At a time when the numbers of death sentences and executions are declining nationwide, the execution mess fuels growing doubts about capital punishment among the American public.
Moreover, it exposes the fallacy of the longstanding belief that the U.S. could find a technological fix in the grim business of putting people to death. This belief has long been part of the death penalty’s legitimating narrative.
Until 2010, when it carried out its last execution, South Carolina had one of the highest executions per capita rates in the United States. Only Oklahoma, Texas, Delaware, Missouri, Alabama, Virginia, and Arkansas put more people to death per 100,000 residents.
South Carolina ranked ninth in the number of its death sentences that actually led to executions. From 1996 to 2009, South Carolina averaged about three executions per year.
But resuming executions in that state has not been easy.
After a futile attempt to secure drugs needed for lethal injection, the state brought out its disused electric chair and readied it for action. But none of those scheduled to die elected death by electrocution, so South Carolina joined Utah, Oklahoma, and Mississippi in adding the firing squad to its execution arsenal.
Even that has turned to be more complicated than the state’s death penalty supporters imagined.
William R. Byars, Jr., Director of the South Carolina Department of Corrections, informed the state supreme court that “Lethal injection is unavailable due to circumstances outside of the control of the Department of Corrections and firing squad is currently unavailable due to the Department of Corrections having yet to complete its development and implementation of necessary protocols and policies.”
As the spokesperson for the department explained, that work can be complicated because “creating a new method of execution is multi-faceted and demands deliberate and intentional work to ensure the policies, procedures and infrastructure are proper.”
The fact that, over the last 100 years, the United States has adapted several different execution methods and today allows five methods (hanging, electrocution, the gas chamber, the firing squad, and lethal injection) is quite unusual among countries still using the death penalty.
Other nations have tended to find and stay with a single method. Their histories have not been characterized by a search for an ever-better method of execution.
Outside of the United States there is an immense variety of methods of execution. A study by the Cornell Center on the Death Penalty Worldwide lists nine that are used around the world: hanging, firing squad, shooting, beheading, lethal injection, stoning, lethal gas, electrocution, and falling from an unknown height. Hanging is the most common.
Of the four nations which executed the most people in 2020, China only uses lethal injection. Iraq uses only hanging. Iran, in contrast, uses hanging (sometimes in public), shooting, stoning and throwing from a height to kill its condemned. Saudi Arabia uses both beheading and stoning to execute. None seems to worry very much about the suffering of those they execute.

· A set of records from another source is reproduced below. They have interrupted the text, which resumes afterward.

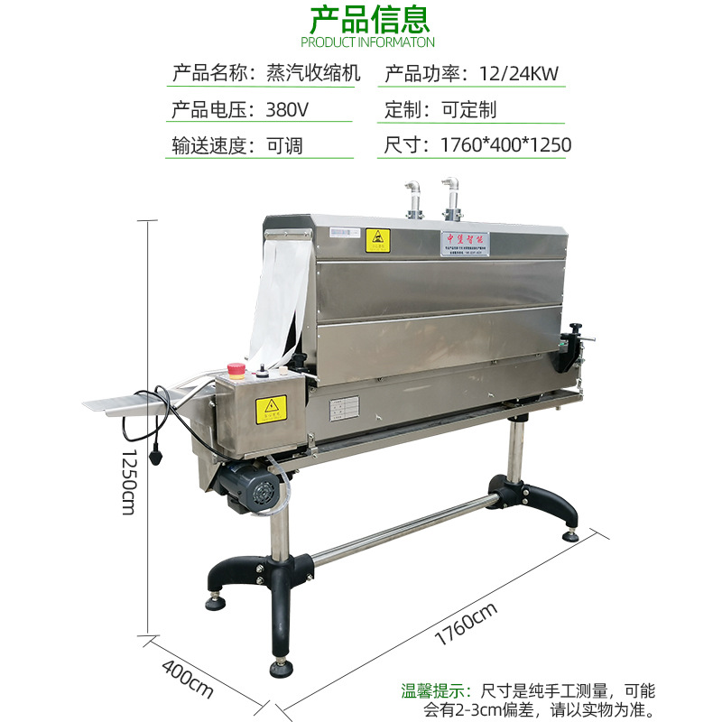 它利用蒸汽作為熱源,通過加熱使包裝材料收縮,從而緊密貼合在被包裝的產品表面。
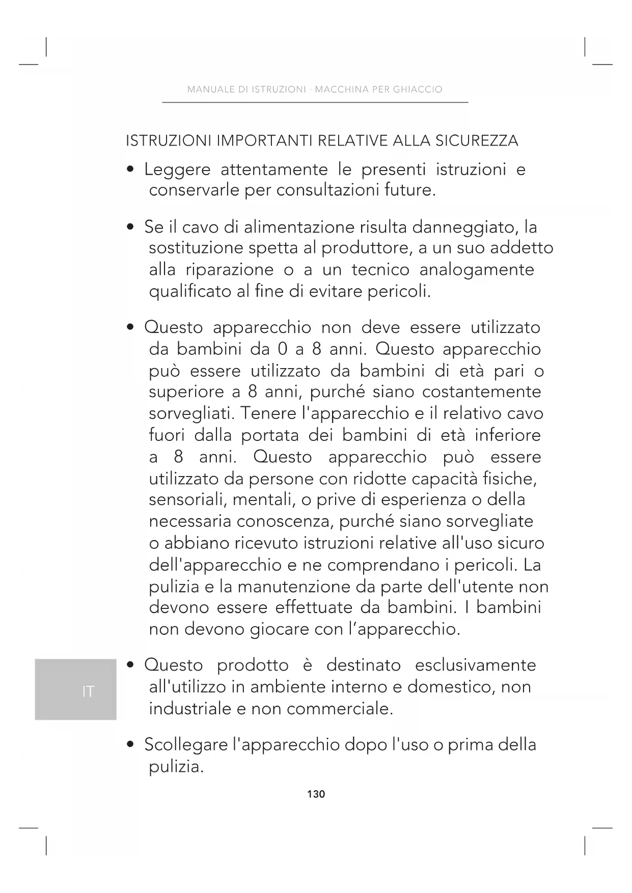 - Non utilizzare prodotti chimici, liquidi acidi o alcalini per la produzione di ghiaccio.
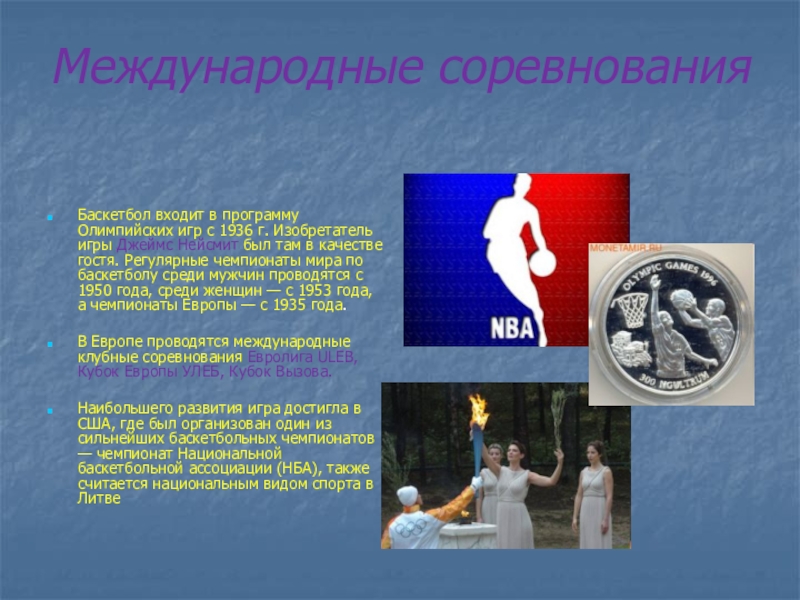Баскетбол входит в программу Олимпийских игр с 1936 г. Изобретатель

The story of execution methods in the United States is quite different.
It is one of conflict between modern notions of humaneness and the continuing desire to execute criminals. We can understand the changing methods as an ongoing attempt to salve the conscience of those who order state killing, as if a quick and easy death were easier to impose.
And we can thank the prohibition on cruel and unusual punishment, enshrined in the U.S. constitution, for the legal and judicial pressure to come up with painless methods of putting people to death.
Americans have dealt with that conflict and that pressure through the reinvention and technological modernization of the execution apparatus. The South Carolina story, and the execution mess which it exemplifies, suggest that we may be at the end of the road in that effort.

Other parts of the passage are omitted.